Stuck? A point with one coordinate equal to 0 sits ON an axis, not inside a quadrant.

1.5 — Free-kick on the pitch. A soccer pitch uses the centre spot as the origin. The ball is placed at the free-kick mark (−3, −4). The goalkeeper stands at (0, −10) on the goal line.

(a) Write each position as a coordinate pair, and state the quadrant or axis it sits on.
(b) The ball is "3 left and 4 down" from the centre spot — describe a similarly-placed free kick that would land on the opposite (mirror) side of both axes. 3 marks

Stuck? Mirror across BOTH axes = flip the sign of x AND of y.

2. Explain your thinking

This question is about communication. Use full sentences. 4 marks

2.1 A friend has a blank coordinate grid. You want them to mark the point (−2.5, 3). Write a clear set of instructions they could follow without seeing the page. Your instructions must use the words "origin", "left/right" and "up/down", and must mention that 2.5 is halfway between two grid lines. End with a sentence about which quadrant they have just plotted into.

Stuck? Revisit lesson § "Step-by-step plotting" and § Key Terms — "Decimal coordinates" sit between integer grid intersections.

How did this worksheet feel?

Got it Partly Lost

What I'll revisit before next class:

Answers — Do not peek before attempting

1.1 — Two-chest treasure map

(a) Chest A(4, 3): walk 4 paces east, then 3 paces north.
(b) Chest B(−3, 2): walk 3 paces west, then 2 paces north.
(c) A → Quadrant I (+, +); B → Quadrant II (−, +).

1.2 — Netball court

(a) Player C stands at the origin (0, 0) — directly on the centre circle.
(b) W(−2, 4) → Quadrant II; GS(1, −5) → Quadrant IV.
(c) The right side of the y-axis has positive x. C (x = 0) is on the y-axis itself; GS (x = 1) is on the right. W has x = −2, so she is on the left. So GS is the only player strictly on the right; C and W are both "not on the right" (C is on the line, W is left). The pair with the SAME side is therefore C and W (both have x ≤ 0).

1.3 — Hiking GPS

(a) Start at the trail entrance (origin). Move 2.5 km east (halfway between the 2 km and 3 km gridlines on the x-axis). Then move 1.5 km north (halfway between the 1 km and 2 km gridlines on the y-axis). Mark a dot midway between grid intersections.
(b) Same y (1.5), so the move is purely horizontal. x went from 2.5 to 1.0, so she moved 1.5 km west (left).

1.4 — Video game mini-map

(a) (−4, 0) and (4, 0) lie on the x-axis. (0, 4) and (0, −4) lie on the y-axis.
(b) Each enemy has at least one coordinate equal to 0, so each one sits ON an axis. Quadrants are the regions BETWEEN axes — they don't include the axes themselves.

1.5 — Free-kick

(a) Ball (−3, −4) → Quadrant III. Keeper (0, −10) → on the y-axis.
(b) Mirror "3 left, 4 down" across BOTH axes by flipping both signs: (3, 4) — that's "3 right, 4 up" from the centre spot, placing the ball in Quadrant I.

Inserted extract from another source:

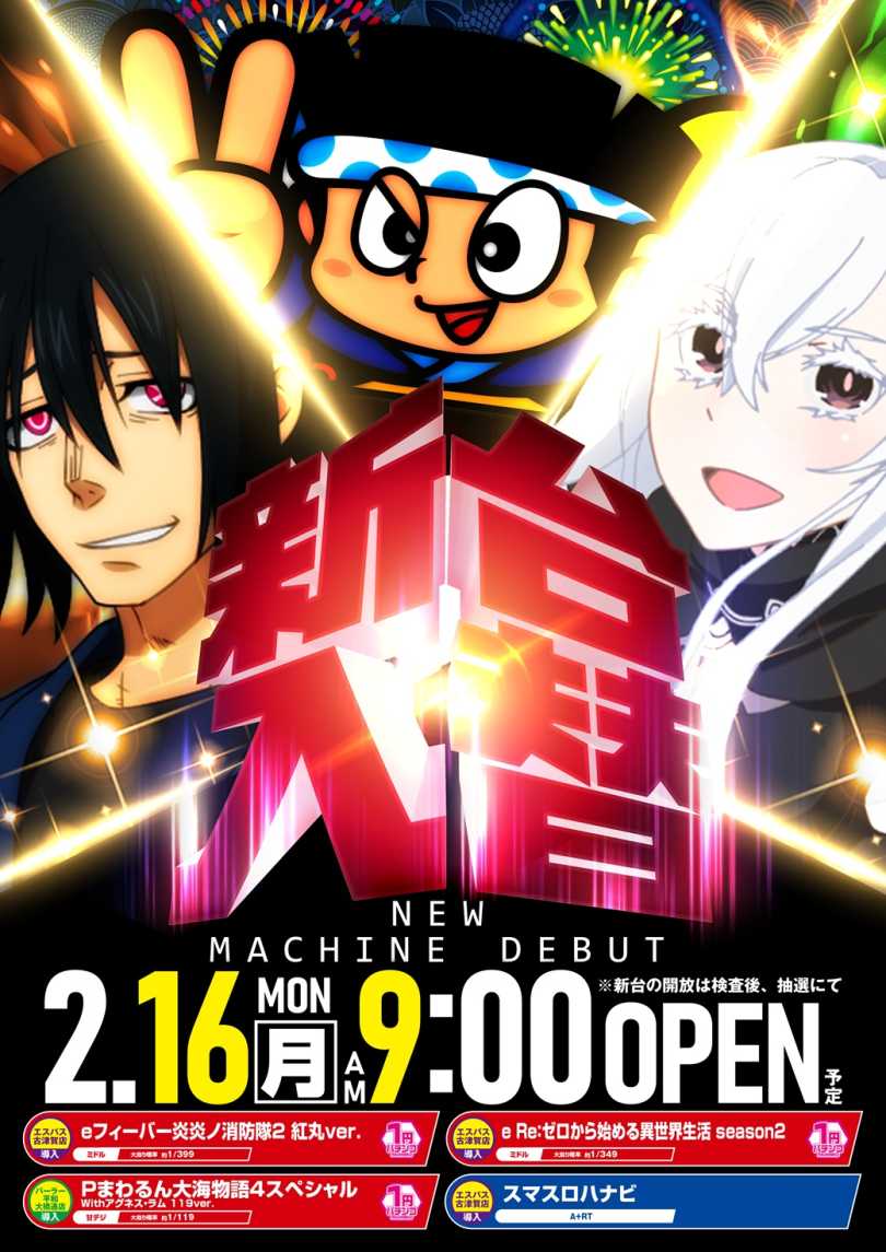 「2月16日㊊ 新台入替 3機種 計3台」

2.1 — Explain your thinking (sample response)

Start at the origin — the (0, 0) point where the two axes cross. Move 2.5 units to the LEFT along the x-axis; because 2.5 is halfway between 2 and 3, stop your pencil exactly halfway between the −2 and −3 grid lines. From there, move 3 units UP, finishing at the third gridline above the x-axis. Mark and label the dot. You have just plotted the point in the top-left region — Quadrant II.

Marking: 1 mark for starting at the origin and going x first; 1 mark for "2.5 to the left" with the halfway language; 1 mark for "3 up"; 1 mark for correctly naming Quadrant II.